-
Notifications
You must be signed in to change notification settings - Fork 0
Compiler design
XP Compiler aims to make PHP syntax and features from newer versions run in older runtimes. To achieve this, PHP code is first parsed into an intermediate representation in the form of an abstract syntax tree (AST):
use lang\ast\{Language, Tokens};
use io\streams\FileInputStream;
// Load language implementation and parse the tokenized code
$parse= Language::named('PHP')->parse(new Tokens(new FileInputStream('Source.php')));
echo $parse->tree()->toString();
// lang.ast.ParseTree(source: (string))@{
// scope => lang.ast.Scope {
// parent => null
// package => null
// imports => []
// types => []
// }
// children => [lang.ast.nodes.EchoStatement {
// kind => "echo"
// expressions => [lang.ast.nodes.Literal {
// kind => "literal"
// expression => "PHP_VERSION"
// line => 1
// }]
// line => 1
// }]
// }
In the second step, this AST is emitted as code in the respective target runtime using emitters.

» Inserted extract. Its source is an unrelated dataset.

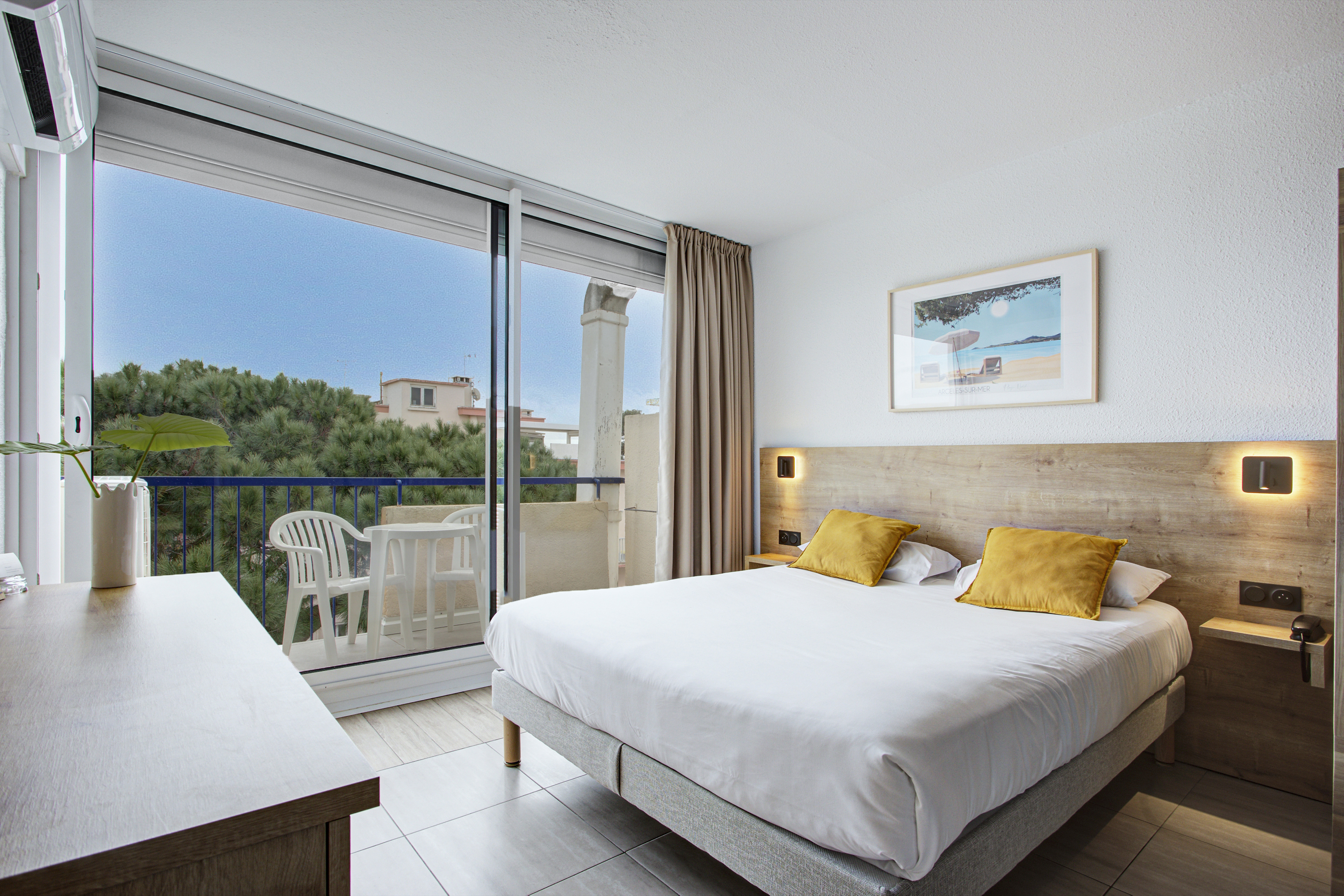 Are you coming to Argelès-sur-Mer for a holiday, a weekend or a business trip? With your family, as a couple, with friends or on your own? On a whim or in an organised way? For a relaxing or hyperactive getaway? Welcome to the Hôtel Centre Plage! We’re located in the lively Argelès-Plage district, at the gateway to all the shops, so you can go shopping or enjoy a drink on the terrace, 100 metres from the central beach and opposite a video-surveilled car park to make it easier for you to get around by car. Just 2 kilometres away, you’ll find the marina, with its maritime atmosphere and Mediterranean-style restaurants.

use lang\ast\{Emitter, Result};
use io\streams\FileOutputStream;
$parse= ... // see above
// Load emitter implementation for the given PHP version
$emit= Emitter::forRuntime('PHP.'.PHP_VERSION)->newInstance();
foreach ($lang->extensions() as $extension) {
$extension->setup($lang, $emit);
}
// Emit result to a given file
$emit->emitAll(new Result(new FileOutputStream('Compiled.php')), $parse->stream());
This generated code can then be loaded and run by the PHP runtime.

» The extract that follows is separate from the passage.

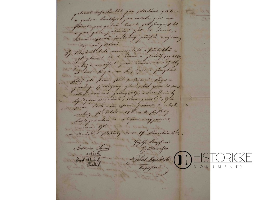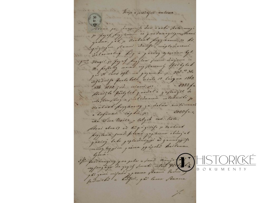 Tento autentický právní dokument z období Habsburské monarchie jest napsán německy kurzívou a obsahuje podpisy smluvních stran. Smlouva představuje významný historický pramen obchodního práva a finanční historie monarchie. Kolkové známky svědčí o daňových povinnostech při právních úkonech. Jedná se o vzácnou kombinaci právního dokumentu a filatelistického materiálu, neocenitelnou pro badatele rakouské administrativy a sběratele kolkových známek.
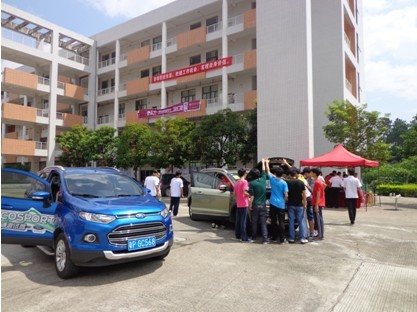 6月26日,我校汽修教学部和河源市共成汽车贸易有限公司在8号楼广场举办了长安福特汽车车展,我校优秀毕业生詹亮(2009级毕业生,现任福特4S店销售主管)和赖建文(2011级学生,现在福特4S店进行顶岗实习)回校联系并策划了本次活动。

XP Compiler can operate in two modes:
- As a standalone command line tool which compiles input sources to given output, e.g.
xp compile src/Fixture.php dist/Fixture.php
. - As part of the class loading chain, compiling sources when PHP's autoloading triggers it.

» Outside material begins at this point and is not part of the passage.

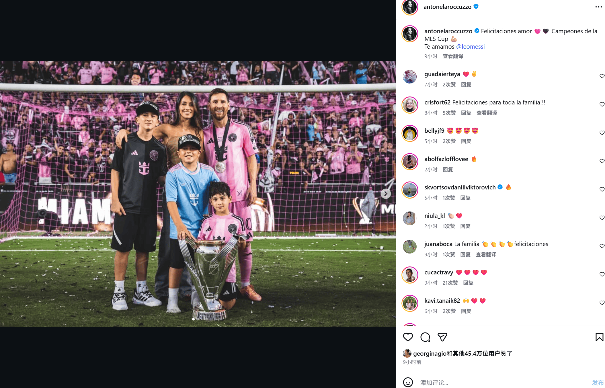 賽后,東內(nèi)邁阿密國(guó)際球星梅西的家人獎(jiǎng)杯妻子安東內(nèi)拉更新了社交媒體,曬出了一家人在球場(chǎng)中和冠軍獎(jiǎng)杯合影的同美照片。同時(shí),職聯(lián)安東內(nèi)拉的合照社媒配文這樣寫道:“恭喜親愛(ài)的,你是恭喜美職聯(lián)冠軍得主。我們愛(ài)你@梅西!親愛(ài)”

Compiling on demand enables the PHP-idiomatic "code - save - reload/rerun" development process. To make this an enjoyable experience, the compiler aims to be as fast possible in this mode. The command line version runs at the same speed but might include more expensive optimizations.
- Support PHP only, no HTML mode and subsequently, no alternative control structures syntax
- Adapt PHP RFCs once they're voted upon successfully, offer support for experimental features through compiler extensions
- Support PHP's autoloading and compile on demand
- Integrate well with the XP Framework
- Keep it fast (~50 milliseconds per 1000 LOC)
- If in question, offer a degraded experience for older PHP versions
- If in question, defer error handling to the PHP runtime instead of performing extensive checks
- Have a great unittest coverage for all of the features
- Offer migration paths through major releases
These design principles manifest themselves in the following examples:
Most language features present in newer PHP versions can easily be rewritten to code that works in older PHP versions. One easy example are non-capturing catch statements, introduced in PHP 8.0:
try {
// ...
} catch (Throwable) {
// ...
}
By simply emitting a temporary variable after the Throwable type, this will run in any PHP 7.x version:
try {
// ...
} catch (Throwable $_0) {
// ...
}
These kind of rewriting operations are performed in the emitter class for the specific PHP version they target. Other language features like the ?->
operator, throw expressions or fn
-style closures require generating more extensive code, but follow the same general principle. Although the generated code may no longer be easily readable, it behaves exactly the same as its newer counterpart except for a small and typically negligible performance decrease.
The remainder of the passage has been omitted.